▸ AIM OF THE EXERCISE
Omit every picture and write out the rest of the records exactly.

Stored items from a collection
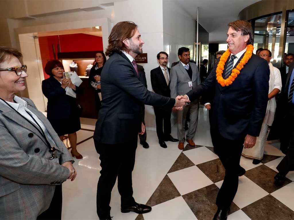 O presidente Jair Bolsonar cumprimenta o ministro-chefe da Casa Civil em exercício, Vicente Santini, ao chegar em Nova Delhi na Índia — Foto: Divulgação/ Presidência da República/Alan Santos[/caption]
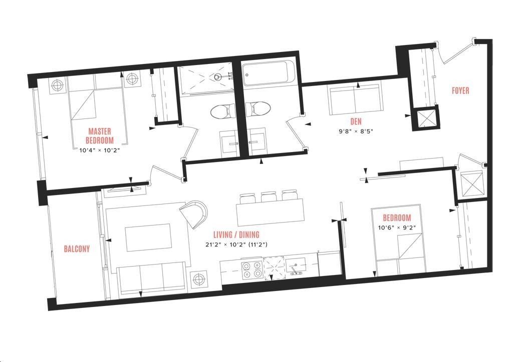 • Modern 2+1 bedroom unit with open-concept living and floor-to-ceiling windows.
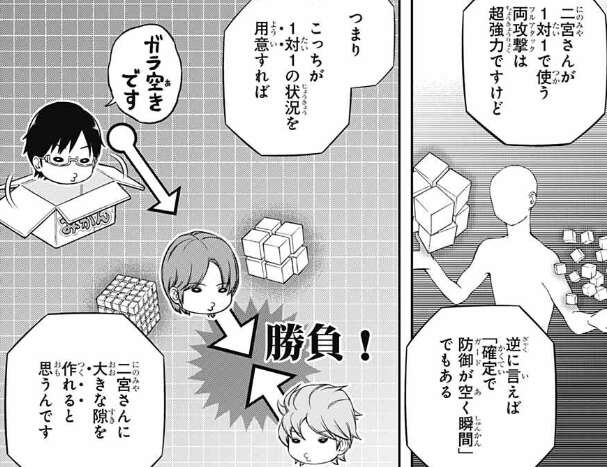 何度もヒュースは試しているようですが、先手を取られると厳しいらしく活動限界を迎えています。烏丸は1対1の設定に疑問を持ち、二宮にフルアタックを「使わせない」対策をするべきでは、と言います。しかし三雲は1対1の状況で使うフルアタックは超強力だが、逆に「確定でガードが空く瞬間」でもあり、大きな隙を作れるという考えです。
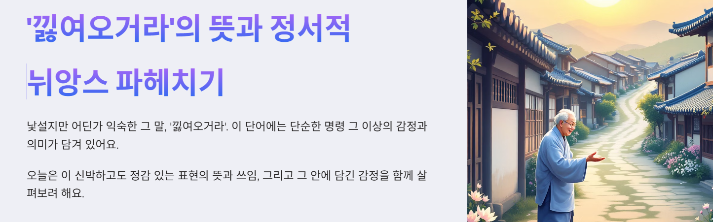 들어본 적 있으신가요? 낯설지만 어딘가 익숙한 그 말, ‘낋여오거라’. 이 단어에는 단순한 명령 그 이상의 감정과 의미가 담겨 있어요.
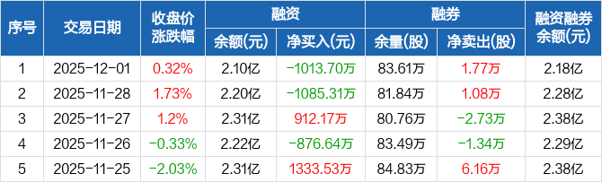 华峰化学:融资净偿还1013.7万元,融资余额2.1亿元(12-01)
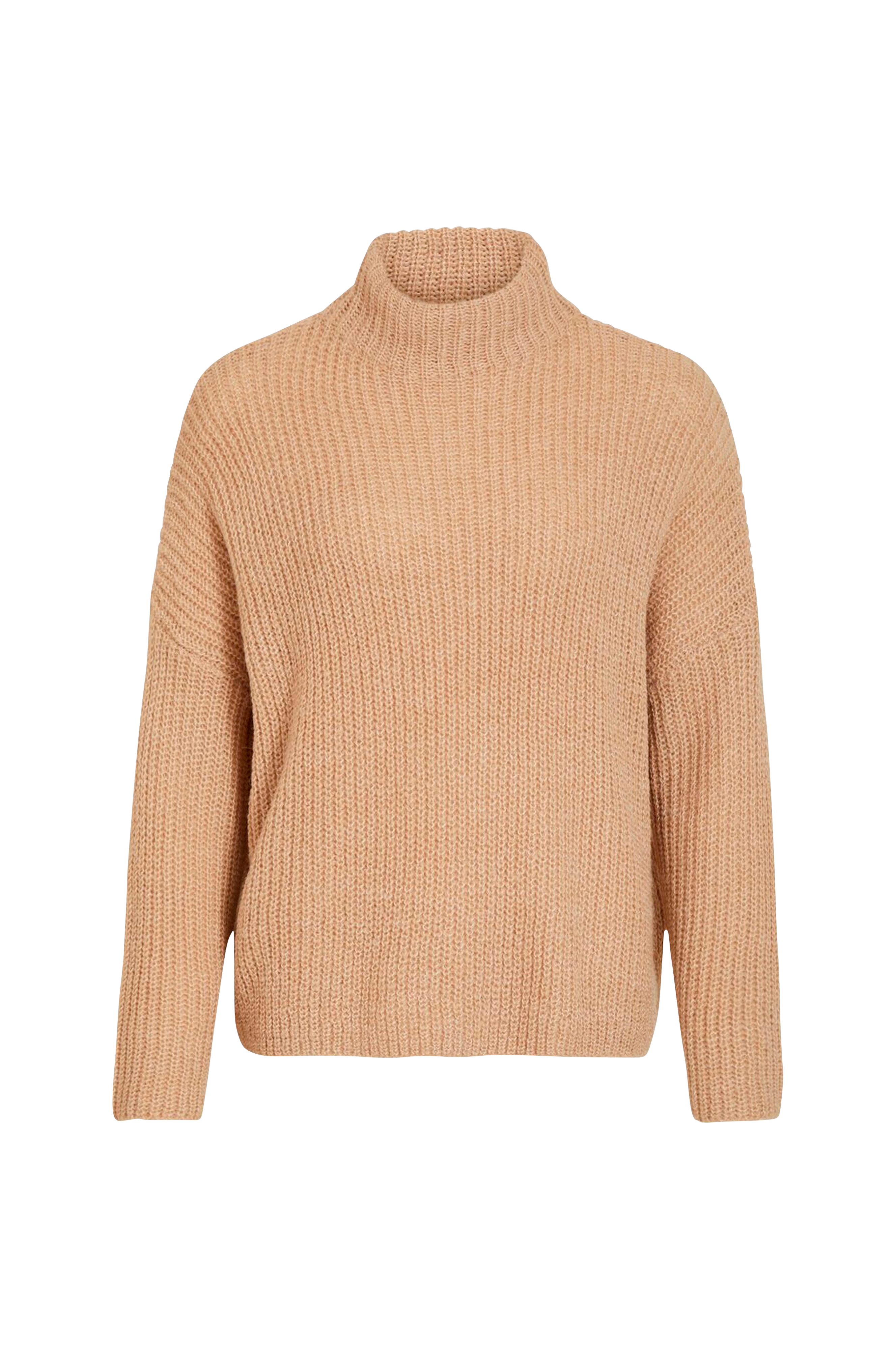 Vila viGlippa L/S Knit -neulepusero. Rento malli, pystykaulus, leveät hihat ja madalletut olkapäät.
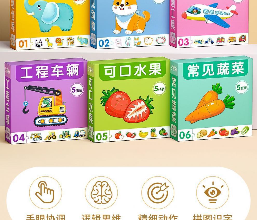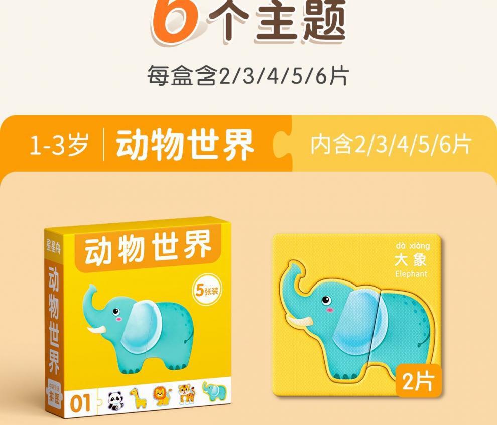 어린이 퍼즐 2 세 아기 엔트리 레벨 일치하는 장난감 동물 퍼즐 3 ~ 6 세 조기 교육 지능 개발

▸ ANSWER TO THIS EXERCISE
 O presidente Jair Bolsonar cumprimenta o ministro-chefe da Casa Civil em exercício, Vicente Santini, ao chegar em Nova Delhi na Índia — Foto: Divulgação/ Presidência da República/Alan Santos[/caption]
 • Modern 2+1 bedroom unit with open-concept living and floor-to-ceiling windows.
 何度もヒュースは試しているようですが、先手を取られると厳しいらしく活動限界を迎えています。烏丸は1対1の設定に疑問を持ち、二宮にフルアタックを「使わせない」対策をするべきでは、と言います。しかし三雲は1対1の状況で使うフルアタックは超強力だが、逆に「確定でガードが空く瞬間」でもあり、大きな隙を作れるという考えです。
 들어본 적 있으신가요? 낯설지만 어딘가 익숙한 그 말, ‘낋여오거라’. 이 단어에는 단순한 명령 그 이상의 감정과 의미가 담겨 있어요.
 华峰化学:融资净偿还1013.7万元,融资余额2.1亿元(12-01)
 Vila viGlippa L/S Knit -neulepusero. Rento malli, pystykaulus, leveät hihat ja madalletut olkapäät.
 어린이 퍼즐 2 세 아기 엔트리 레벨 일치하는 장난감 동물 퍼즐 3 ~ 6 세 조기 교육 지능 개발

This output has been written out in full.